St. Anton am Arlberg: „Der Wintersport kann nicht Sündenbock der Pandemie sein“

Foto Petra Rapp
Am 17. Dezember 2020 ist geplant, die Skisaison in St. Anton am Arlberg/Tirol zu beginnen. Internationale Politiker schießen scharf gegen die Pläne, an einem Wintertourismus vor dem Jahreswechsel festzuhalten. „Undifferenzierte Schuldzuweisungen können nicht die Lösung sein“, findet Martin Ebster, Tourismusdirektor von St. Anton am Arlberg. Im Interview mit Tom Carlos Kupfer spricht Ebster über vermeidbare Infektionsrisiken sowie über die Schwierigkeiten, die der öffentlich ausgetragene Diskurs mit sich bringt.

Herr Ebster, kann das Skigebiet von St. Anton am Arlberg am 17. Dezember für Gäste öffnen? 
Martin Ebster: Von uns aus kann es das. Unsere Sicherheitsmaßnahmen wurden von langer Hand und in enger Zusammenarbeit mit Experten geplant. Wir haben unzählige Maßnahmen in allen Bereichen umgesetzt, darunter Konzepte für Skischulen, Bergbahnen, den öffentlichen Verkehr oder die Gastronomie, wo ein spezielles Contact-Tracing-Modell mit QR-Code-Technik entwickelt wurde. Letztendlich sind wir aber nicht diejenigen, die über eine Öffnung entscheiden. 

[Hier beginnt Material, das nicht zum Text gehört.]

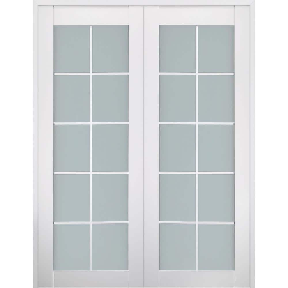 881004 "BELLDINNI - Smart Pro 60 in. x 80 in. Both Active 10-Lite Frosted Glass Polar White Wood Composite Double Prehung French Door

St. Antons Tourismuschef Martin Ebster
Könnten Sie eine europaweite Verschiebung des Wintertourismus nachvollziehen, wie es bereits aus Frankreich und Italien zu hören ist?
 
Der Start einer Skisaison hängt primär von lokalen Corona-Fallzahlen ab. Wenn die österreichische Regierung daraus folgernd eine Entscheidung trifft, dann setzen wir selbstverständlich alle erforderlichen Maßnahmen um. Was ich nicht gutheißen kann, ist die aggressive Politik, mit der derzeit vor allem österreichische Skigebiete als Sündenböcke der Pandemie dargestellt werden. Mit erhobenem Zeigefinger kommen wir nicht weiter. 

Halten Sie die Kritik aus den Nachbarstaaten für ungerechtfertigt? 
Absolut. Wir sind uns im Klaren, dass die Behörden vorrangig nach gesundheitlichen Aspekten entscheiden. Alle Wirtschaftsbetriebe stehen trotz ausgefeilter Sicherheitskonzepte hinten an und werden jegliche Regulierungen umsetzen. Lautstarke Forderungen aus umliegenden Ländern klingen da fast zynisch. Im Sommer hat auch kein Außenstehender die Schließung von Stränden oder der U-Bahn-Stationen in Großstädten gefordert, obwohl dort teils unkontrollierte Frequentierung herrschte. Wichtig ist jetzt, dass die Konzepte vor Ort greifen und wir uns nicht gegenseitig zu Feindbildern aufbauen, während wir alle dasselbe Ziel verfolgen. 

Wie stehen Sie den Vorwürfen gegenüber, Wintertourismus vor dem Weihnachtsfest sei unverantwortlich? 
Ich kann für meine Kollegen aus anderen Alpenregionen sprechen, wenn ich sage: Die Gesundheit der Menschen – unserer Einheimischen, Gäste und der vielen Mitarbeiter – steht an erster Stelle. Die mediale Anschuldigung, österreichische Skigebiete hätten aus dem Frühjahr nichts gelernt, ist für uns ungeheuerlich. Seit März wurden wir nahezu täglich mit Fragen zu Sicherheitsmaßnahmen für den kommenden Winter konfrontiert. Wir haben hohe Anstrengungen unternommen, schnellstmöglich wirkungsvolle Konzepte zu entwickeln und diese maximal transparent zu kommunizieren. Und jetzt heißt es: „Wie kommt Ihr auf die Idee, Euer Skigebiet zu öffnen?“ Das kann ich nicht nachvollziehen. 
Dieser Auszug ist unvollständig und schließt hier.